Genome Coordinate Cheat Sheet

The following table is a quick cheat sheet identifying the genomic coordinate conventions used at different sites, file formats, etc.  I welcome corrections and additions in the comments. I'll add them to the companion sheet as time allows. A more detailed description of genome coordinate systems can be found in my earlier post. Note that in this table, I consider zero-based, half-open coordinate conventions to be equivalent to space-counted, zero-start and so do not distinguish them in the table.

Name Resource Type Chromosome 0 vs 1 Space vs Base Notes
UCSC Genome Browser Genome Browser chr1, chr2, .. chrX, chrY, chrM 1 Base Note that when zooming in on the genome browser, the positioning of the tick marks appears to use a space-counted, 0-start convention. As discussed here, this is not the intention. To get the 1-based position, the base coordinate corresponds to the tick mark to its immediate right.
NCBI Map Viewer Genome Browser 1, 2, .. X, Y, MT 1 Base
Ensembl Location Viewer Genome Browser 1, 2, .. X, Y, MT 1 Base
UCSC BLAT Web Tool chr1, chr2, .. chrX, chrY, chrM 1 Base
NCBI BLAST Web Tool chr1, chr2, .. chrX, chrY, chrMT 1 Base
UCSC Table Browser Web Tool chr1, chr2, .. chrX, chrY, chrM 0 Space Output formats are all 0-space formats. However, when specifying the region field is 1-base format.
BED Format File Format chr1, chr2, .. chrX, chrY, chrM 0 Space
WIG Format File Format chr1, chr2, .. chrX, chrY, chrM 1 Base UCSC's Wiggle Track Format
Galaxy Interval Format File Format chr1, chr2, .. chrX, chrY, chrM 0 Space
GFF/GTF/GFF3 Format File Format Depends on context 1 Base Chromosome names depend on resource using the file format
VCF Format File Format Depends on context 1 Base Chromosome just needs to refer to an identifier in a reference genome or can be a contig id. Position 0 and N+1 (where N = chrom length) are used to refer to telomeres.
UCSC Annotation Files Data File chr1, chr2, .. chrX, chrY, chrM 0 Space
Special thanks to John DiCarlo's insights and suggestions!

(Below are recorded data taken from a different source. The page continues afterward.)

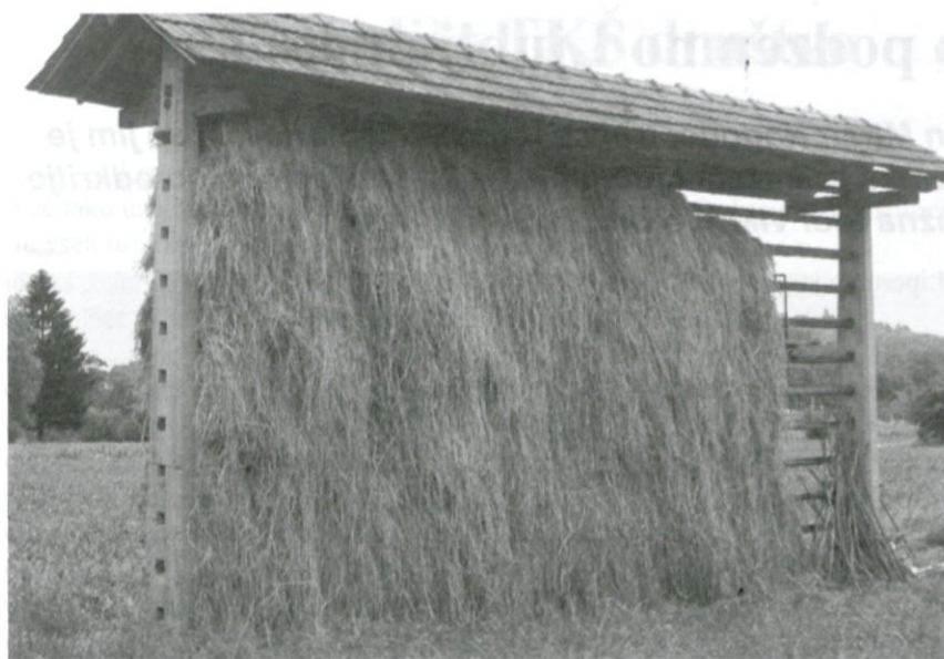
Kozolec danes in ...

vztrajajo pri reji živine in obdelavi, ob takih pogojih videli prihodnost in možnost razvoja kmetije. Zato je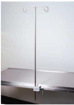
Βάση στήριξης ορού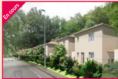
LE CLOS DU BOIS Valence Agence Valence Sud Construction de 14 villas (dont 2 en AS*)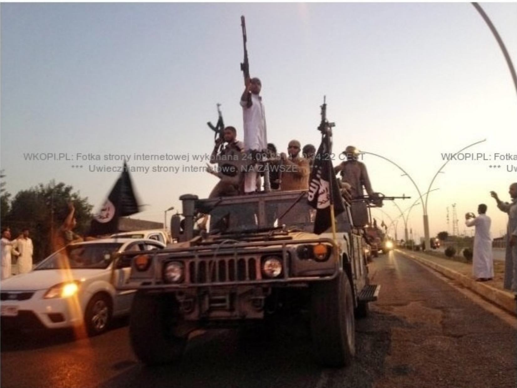
Bojownicy Państwa Islamskiego przejęli pojazd sił iracki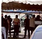
El comerciante fue asesinado junto a donde se realizaba un velorio.

En ese punto los atracadores le dispararon al hombre, de unos 33 años, quien recibió un balazo en la cabeza y murió a un par de metros del velorio que sucedía a un costado de la Parroquia Nuestra Señora del Rosario. Una vecina de la zona relató que escuchó unos ocho balazos.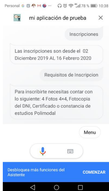
Fig. 4. Intenciones Inscripción y Requisitos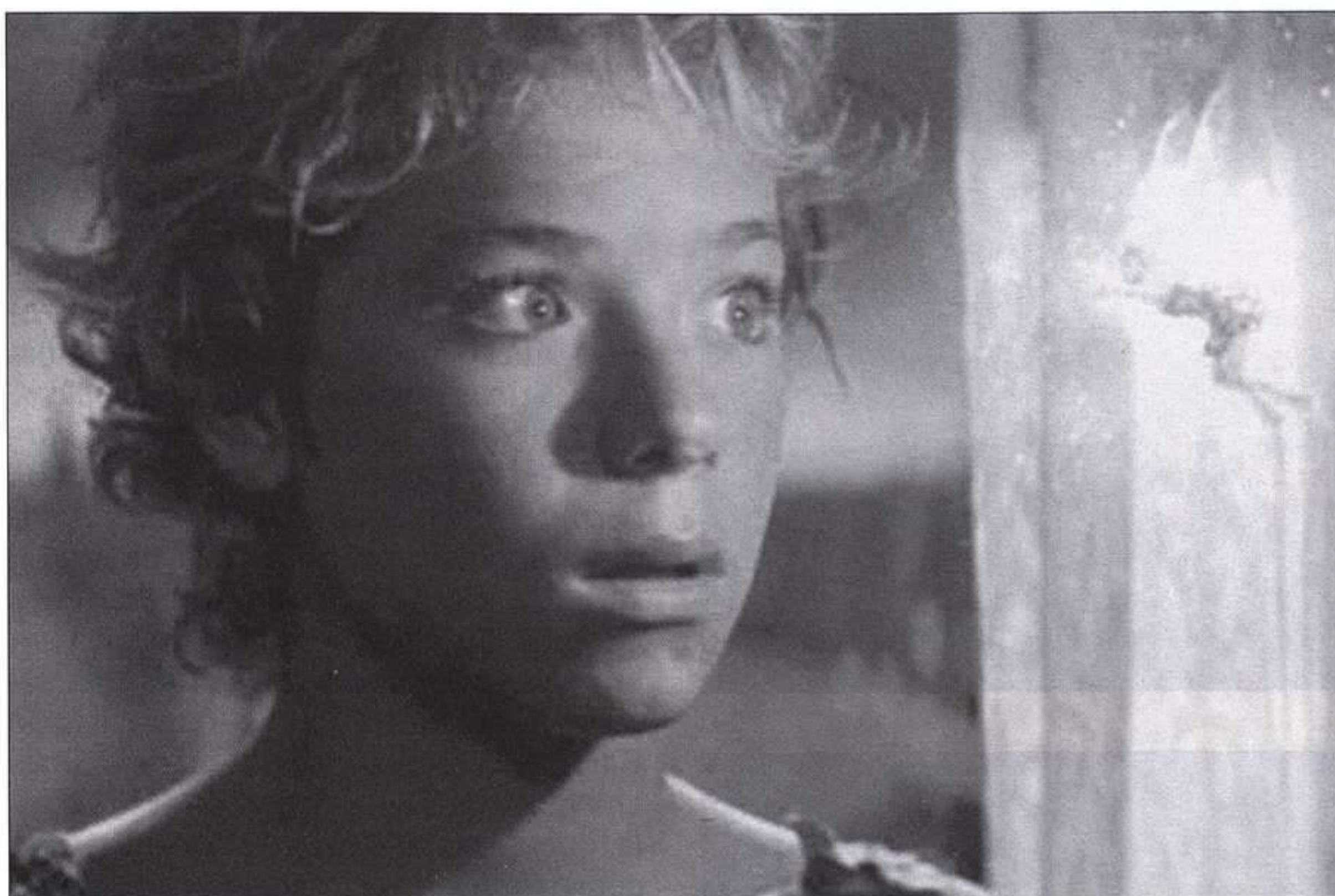
Jeremy Sumpter encarna a Peter Pan en la película de P. J. Hogan, la más fiel adaptación de la obra de Barrie hasta el momento.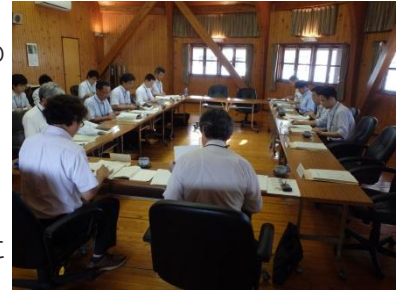
(広島県との地域林政連絡会議の様子)

Genome Coordinate Conventions

Denoting a contiguous region in a reference genome seems straightforward enough. However, I’ve seen many a bioinformatician get tripped up by the different conventions and formats used on web sites, file formats and genomic tools. Here are some things to keep in mind.

Chromosome

Taking the human genome as our example, chromosome names may or may not use a prefix so chromosome 12 may be “chr12”, “ch12” or simply “12”. Also, the mitochondrial chromosome may be “MT” or simply “M” and the sex chromosomes might be denoted as “X” and “Y” or “23” and “24”.

Strand

Typical conventions for denoting the plus vs minus strand orientation of a sequence include using “1” and “-1” or “+” and “-“.  It is worth noting that for most of the genomic resources I use, genomic positions are almost always given relative to the plus strand even if the feature is said to be on the minus strand.  For example, BLAT-ing a minus strand sequence against the human genome at UCSC will return a search result with "-" strand but the start and stop positions will be given relative to the plus strand.  Minus strand positions would start counting from 0 at the opposite end of the chromosome (q-arm).

Position

Several conventions exist which differ in (1) what number they start with when numbering bases, (2) whether they number the bases themselves or the spaces between bases and (3) whether the interval is considered "open" or "closed".  The notion of "closed" and "open" intervals is a mathematical concept which in this context implies either that the start and stop of the interval should be included (a closed interval) or they should not be included (an open interval).  Sometimes you will see square brackets used to denote closed intervals (e.g. [12,20]) and parentheses used to denote open intervals (e.g. (12,20)).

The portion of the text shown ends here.